Müslümanlar, Allah'ın tek ilahına ve peygamberi Muhammed'e, ruhun varlığına ve ahirete inanırlar. İslam'da geleneklere ve dini törenlere uyulmasına büyük önem verilir - her Müslüman namaz kılmalı (beş vakit namaz), Ramazan'da oruç tutmalı ve hayatında en az bir kez Mekke'ye hac yapmalıdır.

Üç büyük dünya dininde ortak

Budizm, Hristiyanlık ve İslam'ın ritüelleri, inançları ve bazı dogmalarındaki farklılıklara rağmen, tüm bu inançların bazı ortak özellikleri vardır ve İslam ile Hristiyanlık arasındaki benzerlik özellikle dikkat çekicidir.
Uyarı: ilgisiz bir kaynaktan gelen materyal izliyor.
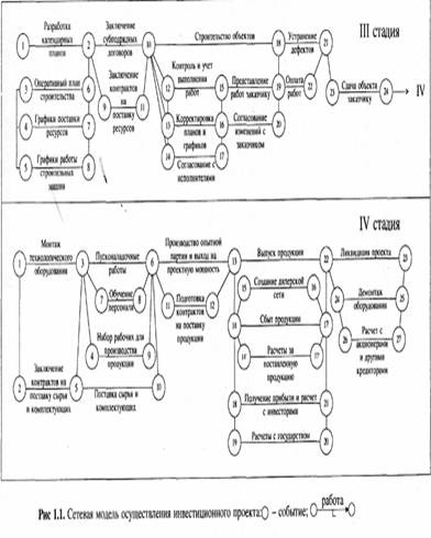 Прежде чем рассматривать стадии реализации проекта, напомним, что любой инвестиционный проект, вне зависимости от его объемов, сложности, условий инвестирования, должен осуществляться в соответствии с выбранной технологией. Под технологией понимается последовательность определенных действий, направленных на получение промежуточного или конечного результата, в качестве которых в нашем случае могут выступать: подготовка технико-экономического обоснования проекта; разработка рабочей проектно-сметной документации; строительство (реконструкция); монтаж технологического оборудования и выпуск опытной партии продукции; выпуск продукции. На рис. 1 показана сетевая модель (сетевой график) осуществления проекта, которая содержит ряд характеристик (время, стоимость, ресурсы и др.), относящихся как к отдельным работам, так и к проекту в целом. Сетевой график наиболее нагляден, а цифровое представление наиболее удобно для анализа сетей с помощью компьютерной техники.

Tek bir Tanrı'ya, ruhun varlığına, öbür dünyaya, kadere ve daha yüksek güçlerin yardım olasılığına inanç - bunlar hem İslam'ın hem de Hıristiyanlığın doğasında var olan dogmalardır. Budistlerin inançları, Hıristiyanların ve Müslümanların dinlerinden önemli ölçüde farklıdır, ancak tüm dünya dinleri arasındaki benzerlik, inananların uyması gereken ahlaki ve davranışsal standartlarda açıkça görülmektedir.
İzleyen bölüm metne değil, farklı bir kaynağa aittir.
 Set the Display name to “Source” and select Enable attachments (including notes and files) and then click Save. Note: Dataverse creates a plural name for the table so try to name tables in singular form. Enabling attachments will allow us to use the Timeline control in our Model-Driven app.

Hıristiyanların uyması gereken 10 İncil Emri, Kuran'da belirtilen yasalar ve Sekiz Katlı Yüce Yol, inananlar için öngörülen ahlaki normları ve davranış kurallarını içerir. Ve bu kurallar her yerde aynıdır - dünyanın tüm büyük dinleri, inananları zulüm yapmaktan, diğer canlılara zarar vermekten, yalan söylemekten, diğer insanlara karşı gevşek, kaba veya saygısızca davranmaktan men eder ve diğer insanlara saygılı, özenli ve gelişmeye teşvik eder. karakter olumlu özelliklerinde.